Suara.com - Wacana amandemen terbatas UUD 1945 untuk menghadirkan Pokok-Pokok Haluan Negara (PPHN) sempat menjadi diskursus atau perbincangan banyak pihak.
Ketua MPR RI Bambang Soesatyo (Bamsoet) menyebut dihadirkannya PPHN tidak harus sama format hingga isinya seperti GBHN.
Bamsoet mengatakan, dalam rangka menghadirkan PPHN bisa memadukan warisan-warisan dari berbagai rezim pemerintahan dari mulai Orde Lama, Orde Baru, hingga Orde Reformasi.
"Dalam rangka menghadirkan PPHN, kita bisa memadukan warisan-warisan positif dari berbagai rezim pemerintahan selama ini dengan tata kelola kepemimpinan. Baik, Orde Lama, Orde Baru, maupun orde reformasi yang visioner," kata Bamsoet dalam FGD MPR RI di Kompleks Parlemen, Senayan, Jakarta, Senin (4/10/2021).
Ia mengatakan, penyusunan PPHN nantinya bisa dilakukan dengan memadukan pendekatan deduktif dan indikatif. Menurutnya, pendekatan deduktif diperlukan, terutama dalam menyusun prinsip-prinsip direktif yang bersifat ideologis.
"Sementara pendekatan induktif diperlukan untuk menyusun prinsip-prinsip direktif yang bersifat strategis teknokratis. Dengan jalan menampung aspirasi arus bawah melalui Musrenbang (musyawarah rencana pembangunan)," tuturnya.
Lebih lanjut, Politisi Partai Golkar ini menyampaikan, dengan begitu rencana pembangunan negara bisa pas dan sesuai dengan nilai-nilai penuntun.

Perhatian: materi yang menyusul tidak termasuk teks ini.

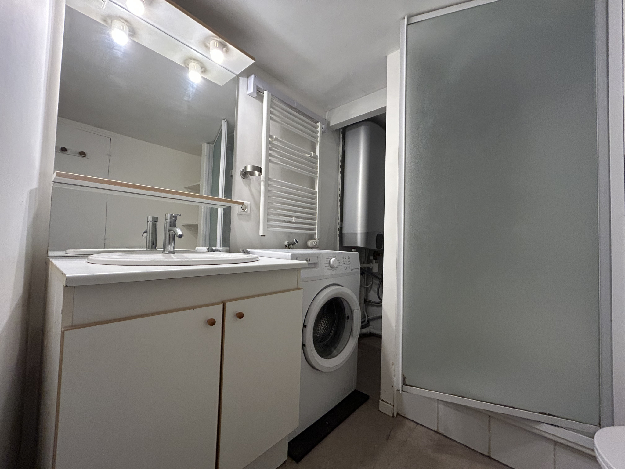 Il est constitué d'un grand salon/séjour, d'une cuisine aménagée et équipée, d'une salle d'eau avec WC et d'une pièce à usage de chambre sans vis à vis!

Ia menegaskan, bentuk penetapan secara hukum dihadirkannya PPHN ini tidak cukup dengan Undang-Undang. Pasalnya, jika begitu akan sangat mungkin dihalau dengan Peraturan Pengganti Undang-Undang hingga diajukan Uji Materi atau Judicial Review ke Mahkamah Konstitusi (MK).
"Yang penting, secara substansial haluan negara harus mengandung kaidah penuntun yang berisi arahan-arahan dasar yang bersifat ideologis dan strategis," tandasnya.
Baca Juga: G30S PKI, Fakta Pemimpin PKI DN Aidit: Militan Hingga Pandai Berkampanye
UUD 45 Bukan Kitab Suci
Sebelumnya, Bamsoet mengatakan bahwa Undang-Undang Dasar Negara Republik Indonesia Tahun 1945 bukan kitab suci.
Sehingga kata Bamsoet bukan hal tabu jika ada amandemen untuk melakukan penyempurnaan. Sebabnya, menurut Bamsoet konstitusi akan terus berkembang menyesuaikan kebutuhan zaman.
"Undang-Undang Dasar Negara Republik Indonesia Tahun 1945 memang bukanlah kitab suci, karenanya tidak boleh dianggap tabu jika ada kehendak untuk melakukan penyempurnaan. Secara alamiah, konstitusi akan terus berkembang sesuai dengan dinamika dan kebutuhan masyarakatnya," kata Bamsoet dalam pidato memperingati Hari Konstitusi dan Hari Lahir MPR, Rabu (18/8/2021).
Bamsoet sekaligus menyampaikan bahwa saat ini MPR mendapati adanya aspirasi masyarakat untuk menghadirkan Pokok-Pokok Haluan Negara (PPHN). Aspirasi itu yang kemudian direspons MPR untuk melakukan amandemen terbatas UUD 1945.
"Saat ini sedang ditunggu masyarakat, yaitu berkaitan dengan adanya arus besar aspirasi yang berhasil dihimpun MPR, yaitu kehendak menghadirkan Pokok-Pokok Haluan Negara," ujar Bamsoet.